Gene Barry (born Eugene Klass, June 14, 1919 – December 9, 2009) was an American stage, screen, and television actor and singer. Barry is best remembered for his leading roles in the films The Atomic City (1952) and The War of The Worlds (1953) and for his portrayal of the title characters in the TV series Bat Masterson and Burke's Law, among many roles.

Early life
Barry was born Eugene Klass on June 14, 1919, in New York City, the son of Eva (née Conn) and Martin Klass; all of his grandparents were Jewish immigrants from Russia. Barry grew up in Brooklyn and attended New Utrecht High School.

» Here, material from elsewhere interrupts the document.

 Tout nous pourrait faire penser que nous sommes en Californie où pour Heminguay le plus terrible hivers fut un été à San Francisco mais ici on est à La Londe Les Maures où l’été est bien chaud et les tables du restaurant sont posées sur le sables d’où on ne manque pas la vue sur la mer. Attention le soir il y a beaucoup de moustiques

Barry exhibited early artistic skills with singing and playing violin as a child and later spent two years at the Chatham Square School of Music in Greenwich Village on a scholarship awarded for his vocal ability.

Career
Barry chose his professional name in honor of John Barrymore and made his Broadway debut as Captain Paul Duval in the 1942 revival of Sigmund Romberg's The New Moon. He later portrayed Falke in Rosalinda (1942), Nova Kovich in The Merry Widow (1943), Lieutenant Bunin in Catherine Was Great (1944), Dorante and Comte De Chateau-Gaillard in The Would-Be Gentleman (1946), The Doctor in Happy as Larry (1950), and played a variety of roles in the musical revue Bless You All (1950).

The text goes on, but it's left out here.